§ WORK TO BE COMPLETED
Excluding pictures, what does the listing below contain from the line with "utf8mb4″ ... [更多詳細]" up to and including the line with "室内泳池对光线的要求更高,在", word for word?

§ DATASET RECORDS
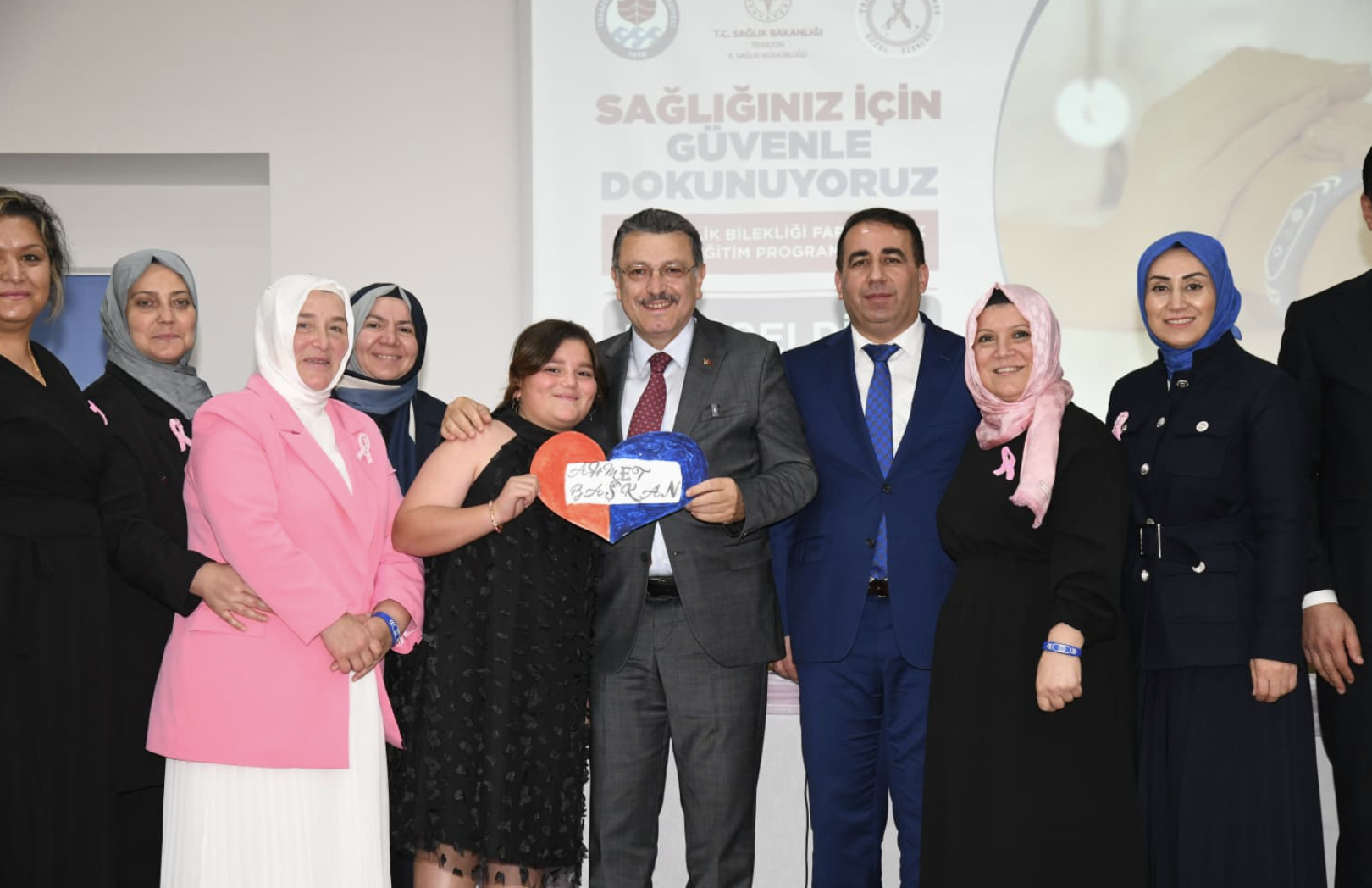 Trabzon Büyükşehir Belediye Başkanı Ahmet Metin Genç, Kadın Yaşam ve İstihdam Merkezi’nde “Sağlığınız İçin Güvenle Dokunuyoruz” mottosu ile düzenlenen Tıbbi Kimlik Bilekliği Farkındalık Eğitimi Programı’na katıldı. Programa ayrıca; Trabzon Vali Yardımcısı Ercan Öter, AK Parti Ortahisar İlçe Başkanı Seyit Hisoğlu, İl Kadın Kolları Başkanı Ayfer Cihan, İl Sağlık Müdürlüğü Destek Hizmetleri Başkanı Dr. Erdem Şen, Büyükşehir Belediyesi Kadın Yaşam ve İstihdam Merkezi Daire Başkanı Esengül Kibar, Yaşamak Güzel Derneği Başkanı Yasemin Bozdağ, akademisyenler, ilçe belediye başkanları ve çok sayıda davetli katıldı.
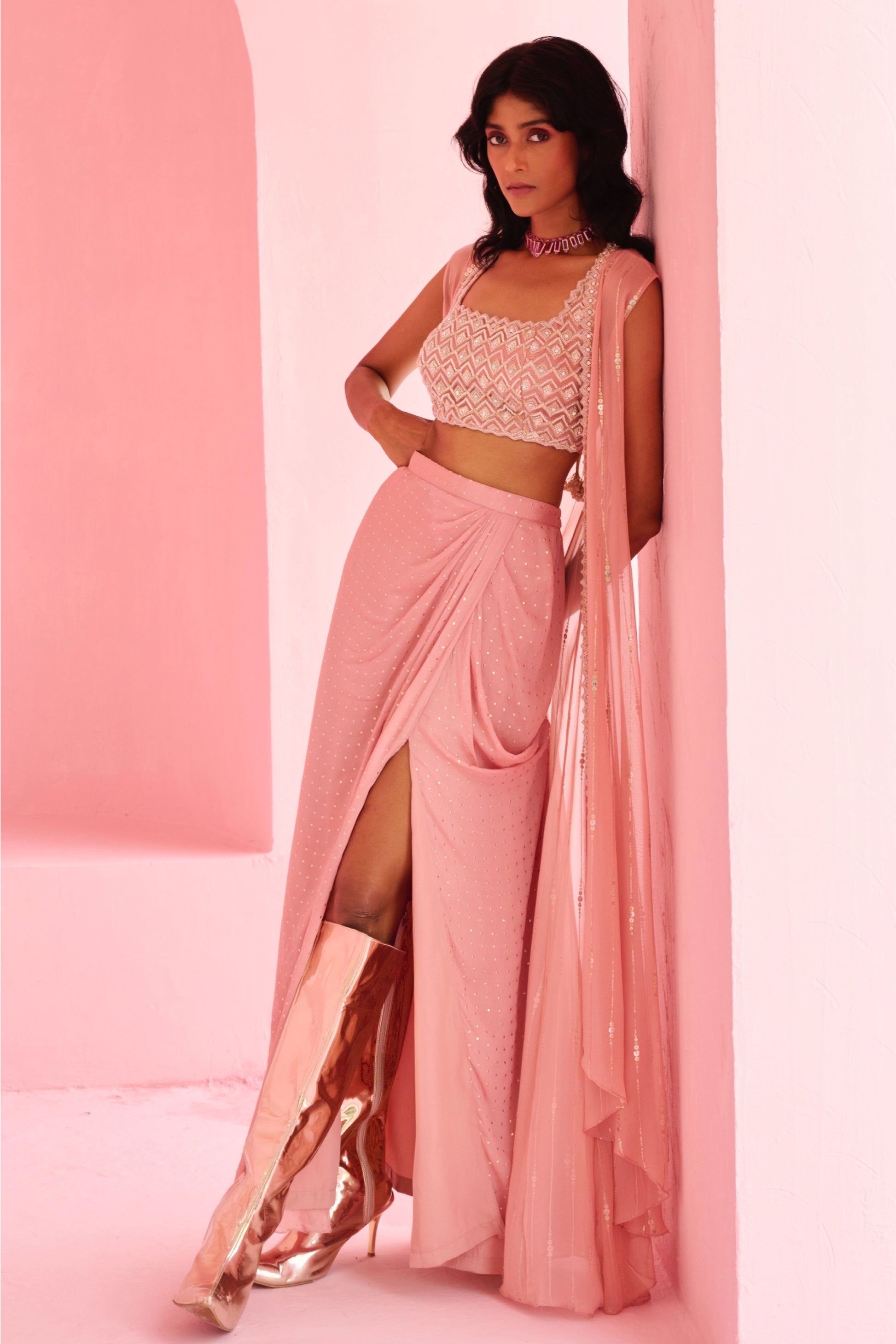 Drape skirt paired with pearl and zardozi embroidered top and embellished georgette jacket
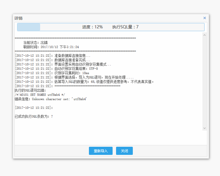導入MySQL數據庫提示”Unknown character set: utf8mb4″ ... [更多詳細]
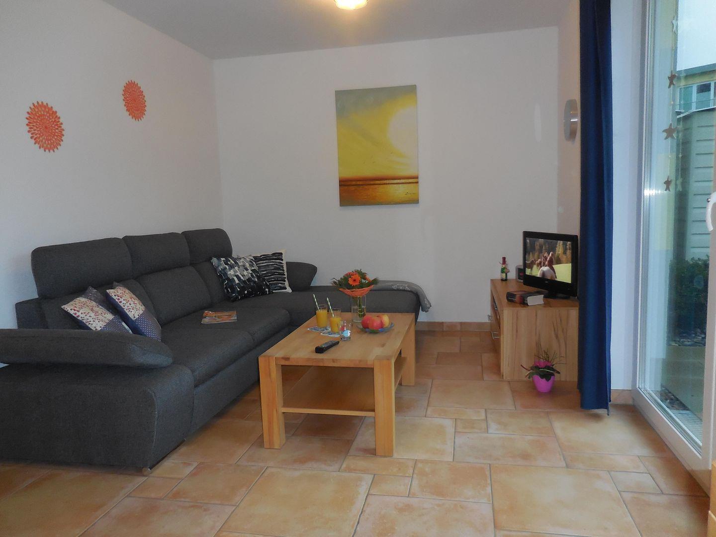 - die Ferienwohnung verfügt über einen Wohnbereich inkl. TV/Mediathek, Radio, CD- und DVD-Player
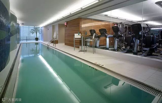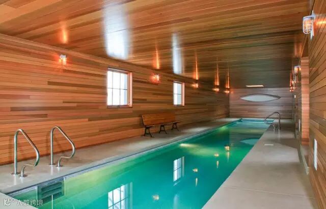 室内泳池对光线的要求更高,在泳池旁设立一排落地窗,自然光线和灯光打造出户外效果。
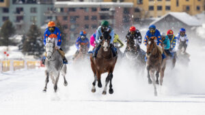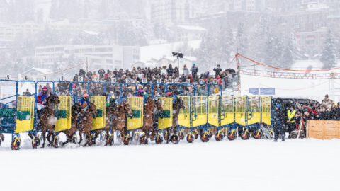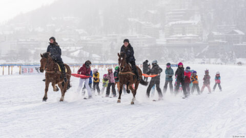The White Turf is an exclusive horse racing event that has been held annually on the frozen lake of St. Moritz since 1907. On three weekends in February, international jockeys compete with their thoroughbred horses on the prepared racecourse. The setting is a 130,000m2 event area with upscale catering and musical entertainment. This unique event in the Engadine mountains attracts around 30,000 visitors every year.

§ FINISHED TASK
導入MySQL數據庫提示”Unknown character set: utf8mb4″ ... [更多詳細]
 - die Ferienwohnung verfügt über einen Wohnbereich inkl. TV/Mediathek, Radio, CD- und DVD-Player
 室内泳池对光线的要求更高,在泳池旁设立一排落地窗,自然光线和灯光打造出户外效果。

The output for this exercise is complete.